I will show basic concepts and important structures, and this is might be a good beginner guide for the newbie driver developers.

The PCI bus is the most popular way to connect high-speed peripheral inside a modern computer system. It’s a video and network adapters, sound cards, storage devices, and so on. Some custom and special devices, some acquisition board with ADC, or any other interface might be custom and special devices. Even your modern laptop uses this bus to connect internal devices to the CPU, even without actual physical connectors.
This bus is widely available on a different platform, like x86 and ARM. These days, it’s quite common to use a PCI bus to connect a high-performance wireless chip to the SoC inside WiFi routers.

PCI and PCI Express

The original PCI bus was parallel with a lot of contacts and currently obsolete. I will not focus on the obsolete PCI bus.
Modern and faster PCIe bus uses single or multiple (1-16) pairs of differential wires (lanes, one pair for TX, and one for RX). You can tell the number of differential lines by the bus name, x1, x4, x16. More lanes give a bigger throughput. Another difference between the PCI Express bus and the older PCI is the bus topology; PCI uses a shared parallel bus architecture. The PCI host and all devices share a common set of address, data, and control lines. PCI Express is based on point-to-point topology, with separate serial links connecting every device to the root complex controller that can be integrated into the CPU. You can read an excellent architecture explanation in this Wikipedia article.

From the typical driver point of view, there is no difference between PCI and PCI Express. All differences are handled by the hardware and lower bus drivers of the Linux kernel. For the driver developer, API is the same.

Linux PCI subsystem

The operating system PCI subsystem reflects the actual hardware configuration and interconnections. There might is multiple PCI buses and multiple devices on those buses. Every bus and device is assigned a unique number, which allows identifying each module.
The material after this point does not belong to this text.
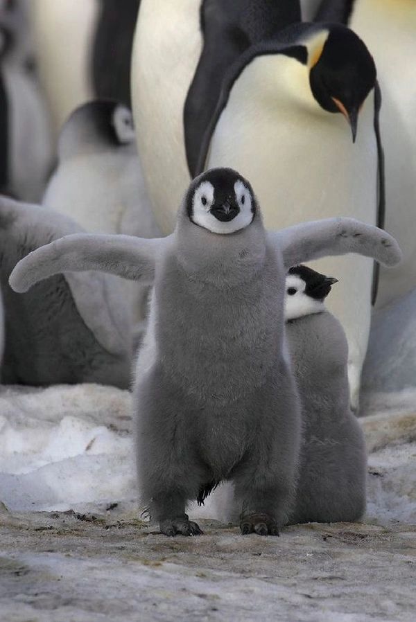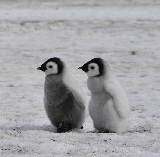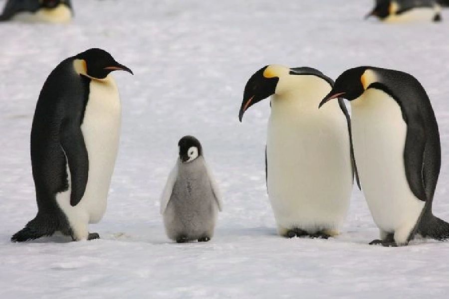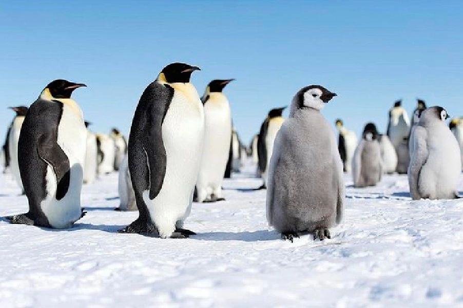 🍀形态特征:成年帝企鹅高达100-130厘米,重达20-45千克,是体型最大的企鹅。帝企鹅身披黑白分明的大礼服,喙赤橙色,脖子底下有一片橙黄色羽毛,向下逐渐变淡,耳朵后部最深,全身色泽协调。颈部为淡黄色,耳朵的羽毛为鲜黄桔色,腹部乳白色,背部及鳍状肢则是黑色,鸟喙的下方是鲜桔色。雄皇帝企鹅双腿和腹部下方之间有一块布满血管的紫色皮肤的育儿袋,能让蛋在环境温度低达零下40℃的低温中保持在舒适的36℃。小帝企鹅身上的浅灰白色绒羽可御寒防风,但不防水,防水的陵羽要等到它们快成年时才会长出,慢慢替换身上的绒羽,身体下方的绒羽会先掉。
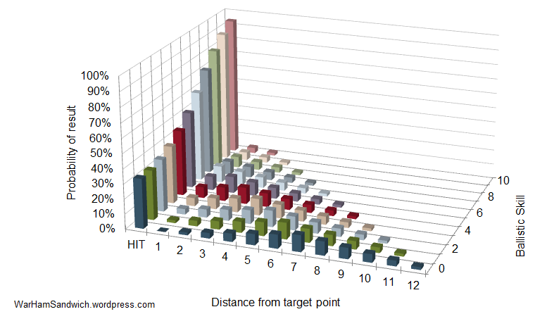 Since the the BS value is subtracted from the scatter distance, you can clearly see the maximum scatter get smaller with each step increase in BS. So looking at the BS10 scatter (all the way at the back in pink) it’s a 94% chance of a hit, 4% chance of a 1 inch scatter, and a 2% chance of a 2 inch scatter.

Also, a PCI device might have different “functions” or “endpoints.” All those endpoints are also numbered. The full system path to the device might look like this: <bus id>:<device id>:<function id>
Additionally, every PCI device contains a factory-programmed Vendor and Device IDs. These IDs are also unique and assigned by the PCI regulatory consortium.
Using these IDs, the Linux kernel can properly identify a device and load the proper driver. Of course, every driver should have ID verification routines.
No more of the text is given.